Но он видел другое: вода заливает рот их, ноздри их… Он видел искаженный рот старухи матери… Господи! Нет, этого не вынести…
Герцен был, по старому русскому выражению, сам не свой. Нельзя сказать точнее. Он был неузнаваем. Друзья шептались за его спиной, что он тронувшийся, поврежденный, «не в себе». Феличе Орсини, трогательно заботившийся о нем, никого не допускал к нему в эти дни. «Не is almost insensible»[42],— заявлял он сурово посетителям.
Сколько же может вынести человеческое сердце? Сколько может вынести разум, чтобы не пошатнуться?
Через много лет он описал эти дни в «Осеаnо nох»[43] и в «Лондонских туманах». На воспоминаниях этих следы слез. Быть может, ни одна глава из «Былого и дум» не давалась ему с таким трудом — даже «Кружение сердца», — как эти немногие страницы…
Герцен не отходил от постели Натали. Он не выпускал ее руку из своей. Ему казалось, что из Натали, больной, может быть умирающей, в него вливается жизненная сила. Ему хотелось жить, чтобы спасти ее.
В одну из таких минут ему принесли письмо. По почерку на конверте он сразу увидел, от кого оно.
— От цюрихского мерзавца, — сказал он с отвращением.
— Сожги.
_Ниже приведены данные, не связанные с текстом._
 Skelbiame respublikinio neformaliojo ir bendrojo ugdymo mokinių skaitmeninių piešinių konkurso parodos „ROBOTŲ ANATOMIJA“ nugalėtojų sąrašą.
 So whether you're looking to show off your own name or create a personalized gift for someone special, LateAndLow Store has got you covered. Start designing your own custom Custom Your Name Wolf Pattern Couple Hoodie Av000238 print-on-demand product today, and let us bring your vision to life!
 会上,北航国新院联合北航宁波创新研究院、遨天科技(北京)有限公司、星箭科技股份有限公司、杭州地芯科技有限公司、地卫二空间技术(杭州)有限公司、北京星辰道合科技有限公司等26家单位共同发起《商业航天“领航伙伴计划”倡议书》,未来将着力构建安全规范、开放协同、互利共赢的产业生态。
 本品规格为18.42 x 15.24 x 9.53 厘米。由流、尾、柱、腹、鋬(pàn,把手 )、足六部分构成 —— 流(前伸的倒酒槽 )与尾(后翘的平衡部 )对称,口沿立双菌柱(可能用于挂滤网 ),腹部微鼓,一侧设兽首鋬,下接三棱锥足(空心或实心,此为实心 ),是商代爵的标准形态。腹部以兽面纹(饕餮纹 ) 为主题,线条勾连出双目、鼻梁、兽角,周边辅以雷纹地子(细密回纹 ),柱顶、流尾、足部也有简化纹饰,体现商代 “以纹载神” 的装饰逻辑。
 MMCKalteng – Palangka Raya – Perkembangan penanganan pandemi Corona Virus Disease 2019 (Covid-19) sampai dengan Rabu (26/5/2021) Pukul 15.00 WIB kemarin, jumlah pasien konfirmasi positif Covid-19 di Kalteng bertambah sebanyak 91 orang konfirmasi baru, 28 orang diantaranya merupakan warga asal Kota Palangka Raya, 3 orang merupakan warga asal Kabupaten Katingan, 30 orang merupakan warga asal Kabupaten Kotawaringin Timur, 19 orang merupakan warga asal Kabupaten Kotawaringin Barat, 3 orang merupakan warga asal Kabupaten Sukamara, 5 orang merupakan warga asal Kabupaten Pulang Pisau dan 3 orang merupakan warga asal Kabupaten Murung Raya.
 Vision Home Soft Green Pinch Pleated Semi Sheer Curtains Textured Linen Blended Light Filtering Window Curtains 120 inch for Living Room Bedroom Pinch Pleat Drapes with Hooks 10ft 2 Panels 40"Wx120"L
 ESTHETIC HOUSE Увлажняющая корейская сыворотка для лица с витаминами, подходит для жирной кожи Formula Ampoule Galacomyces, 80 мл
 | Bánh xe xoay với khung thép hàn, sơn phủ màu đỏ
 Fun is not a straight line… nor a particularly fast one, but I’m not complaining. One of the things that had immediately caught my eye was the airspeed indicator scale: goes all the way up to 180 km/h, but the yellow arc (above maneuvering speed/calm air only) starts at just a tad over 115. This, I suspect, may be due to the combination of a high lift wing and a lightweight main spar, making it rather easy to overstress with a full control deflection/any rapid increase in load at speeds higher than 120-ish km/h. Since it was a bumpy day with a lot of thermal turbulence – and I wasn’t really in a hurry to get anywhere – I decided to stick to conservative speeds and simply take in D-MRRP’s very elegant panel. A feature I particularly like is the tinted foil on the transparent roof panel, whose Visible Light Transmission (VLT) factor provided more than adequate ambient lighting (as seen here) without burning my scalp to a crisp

Но раскрывай.
Вероятно, он так бы и сделал, если бы не надпись поперек конверта: «Дело честного вызова».
Это была до того гадкая смесь клеветы и оскорблений, что Герцен, по его словам, «вскочил, как уязвленный зверь, с каким-то стоном бешенства».
Там был комок грязи в Натали, почти площадная ругань в адрес Герцена, а ко всему — мелодраматические проклятья дурного тона, написанные, как и все письмо, по выражению Герцена, «слогом пьяного извозчика»:
«Перегрызем же друг другу глотки — подобно диким зверям, — поскольку мы уже больше не люди…»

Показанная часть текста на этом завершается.